The patients, once selected, will be randomly distributed (by specific software) in two
parallel groups, in one of which the intervention will be evaluated. In the study group,
patients will receive oral treatment with Ciprofloxacin at a dose of 500 mg every 12 hours
and Metronidazole 500 mg every 8 hours for a period of 7 days. The control group will receive
two types of placebo tablets that look identical to Ciprofloxacin and Metronidazole
respectively, with similar doses and frequencies.

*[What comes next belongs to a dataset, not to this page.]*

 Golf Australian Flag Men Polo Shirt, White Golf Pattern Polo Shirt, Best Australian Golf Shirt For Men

Postoperative controls and follow-up will be carried out at 1, 3, 6 and 12 months after
treatment and will include an endoanal ultrasound (US) at 6 months.
Studied variables:
The following variables will be analysed:
Epidemiological variables: Age, gender.
Smoking status
Comorbidities
Obesity (Body Mass Index)
Cultures of abscess
Characteristics of anal abscess: Location, type of drainage.

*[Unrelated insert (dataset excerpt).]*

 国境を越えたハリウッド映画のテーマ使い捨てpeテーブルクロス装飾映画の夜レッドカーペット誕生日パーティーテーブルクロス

Selected arm: Group treatment (antibiotics) vs. Control group (placebo)
Clinical follow up (anal fistula or not) at 1, 3, 6 and 12 months.
The diagnosis of anal fistula is standarized by specialist in General Surgery.
Type of anal fistula developed
Endoanal US at 6 months
Adverse events of treatment
Quality of life (general health with SF-36 test and an specific test related to quality
of life in patients with anal fistula, both tests validated to Spanish language) at 12
months (end of follow up)
Expected outcomes:
Once the patients with diagnosis of perianal abscess treated with incision and drainage were
included, the objective of our study will be to evaluate the proportion of patients who
developed perianal fistula between the two study groups (with oral antibiotics and with
placebo). It will be recorded as the presence of a perianal fistula when the participants
present a history of symptoms compatible with it, as well as the existence of a communication
between the perianal cutaneous tissue and the anal canal during the clinical examination
performed or even evidenced in the endoanal ultrasound during the controls that will be
carried out up to 12 months after the intervention. For better evaluation and registration
abscesses will be classified according to their complexity: subcutaneous, intersphincteric,
ischiorectal and according to their anatomical location: anterior, posterior, lateral, right
and left. These data will be collected at the time of the surgical exploration during the
initial treatment with incision and drainage.
Fistulas will be classified by Parks classification in the following: subcutaneous,
intersphinterian, transphincteric, suprasphinteric, extraphincteric. These data will be
collected at the time of the clinical examination during the controls.